Karan Acharya wants people to be anything they want to be. And so, if you send him a picture, he will frame you as Radha seated beside Krishna, if you like, returning to you an image that looks more like a Raja Ravi Varma than the photograph you took on your last hill-station weekend.

Other requests he’s fulfilled include painting a specially abled girl who recently died, in medieval Indian war armour, and representing a wheelchair-bound boy as Thor, the Norse God of thunder and now Marvel superhero.

“In the former, the person requesting the portrait said it was for the girl’s mother, so that she could see her. That really moved me,” Acharya, 32, says.

Among the requests Karan Acharya has fulfilled for free is this portrait of a specially abled young girl depicted as a warrior.
Courtesy KA

The graphic artist and illustrator doesn’t charge a fee. He works on these portraits for a few hours every night, once he’s done with his day job as a concept artist for digital learning platform Byju’s.

“It started in 2015 with my friends asking me to paint them. I think deep down, everyone has a desire to be the subject of a painting or work of art,” says Acharya, who lives in Bengaluru. “Most people, the common person, can’t afford to pay an artist to paint them.
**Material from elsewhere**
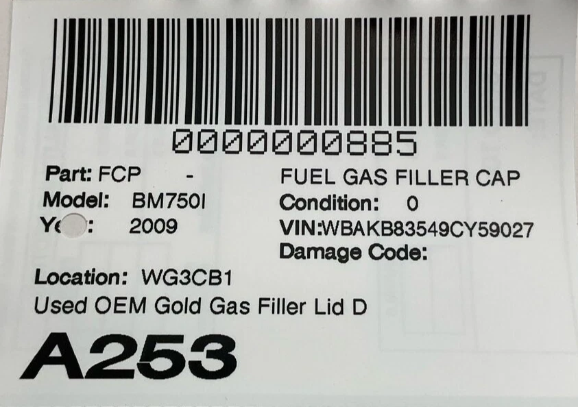 HK Auto Salvage HK Auto Salvage Montebello, CA Business Hours (PST/PDT) Mon - Fri 8am - 5pm Saturday 8am - 2pm Closed Sat & Sun Fuel Gas Filler Cap Year: 09 Model: BMW 750I Side: Type: Used Category: Condition: 0 VIN: WBAKB83549CY59027 Vehicle Stock #: A253 Part Stock #: 0000000885 Vehicle Info: GOLD Additional notes: Used Oem Gold Gas Filler Lid Door Like New Condition See Pictures Interchange: Also fits: Search for more parts from this donor vehicle Search for more parts for BMW 750I Airbag Notification If the item above is an airbag, I certify this airbag is not subject to recall and will be shipped in accordance with hazmat shipping requirements . Payment We accept credit cards through eBay Managed Payments only Sales tax collected by eBay where applicable COD available for orders placed for delivery to local businesses; please contact us prior to purchase to arrange Pay on pickup available for orders placed for local pickup Shipping We ship by FedEx, UPS, and USPS. Most items ship within 24 hours of payment; items paid for on the weekend or holidays ship on the following business day. Any free shipping we offer is for the continental United States only. If you are from Hawaii, Alaska, or a Territory of the United States, please request a shipping total before bidding and we will do our best to keep the cost low. Local delivery and local pickup options are also available. Warranty & Returns 30-day standard warranty on all general parts 90-day standard warranty on engines and transmissions Please verify fitment independently prior to purchase, as the information in the "compatibility" section above is generated by eBay Motors and not from us. If you have questions or concerns about fitment, please contact us prior to purchase. Contact Us If you have any questions regarding an eBay item, please CONTACT US via eBay messaging before you make the purchase. Please verify fitment independently prior to purchase, as the information in the "compatibility" section above is generated by eBay Motors and not from us. If you have questions or concerns about fitment, please contact us prior to purchase. After you have received your product in satisfactory condition, please leave us positive feedback. If there is a problem with your purchase, do not leave neutral or negative feedback: CONTACT US so that we can help you to resolve your issue to your satisfaction. Powered by Checkmate

I try my best to give these people a platform to live that dream.”

On Instagram and Twitter, both home to thousands of artists trying to reach out to a larger audience for their work, Acharya’s art has an avid following. But he is not new to fame. He was first thrust into the spotlight in 2017, when one of his creations — an orange vector depicting the Hindu deity Hanuman — went viral online and then even migrated offline, appearing on the rear windshields of cars across the country. It remains popular to the day.

“I now get so many requests on Twitter and Instagram every day, I can’t do then all,” he says. “Some requests I have to fulfil. It’s very hard not to feel the hurt of someone who has lost a loved one.”

He seems reluctant to discuss his viral content. “I generally don’t track where I’m being mentioned or who is sharing my pieces. Usually, it’s my wife who tells me if some celebrity has shared one of my works or if I’ve been mentioned in a news report. My mother, who isn’t on any social media platform gets a lot of joy from this and that’s one of the parts I enjoy most.”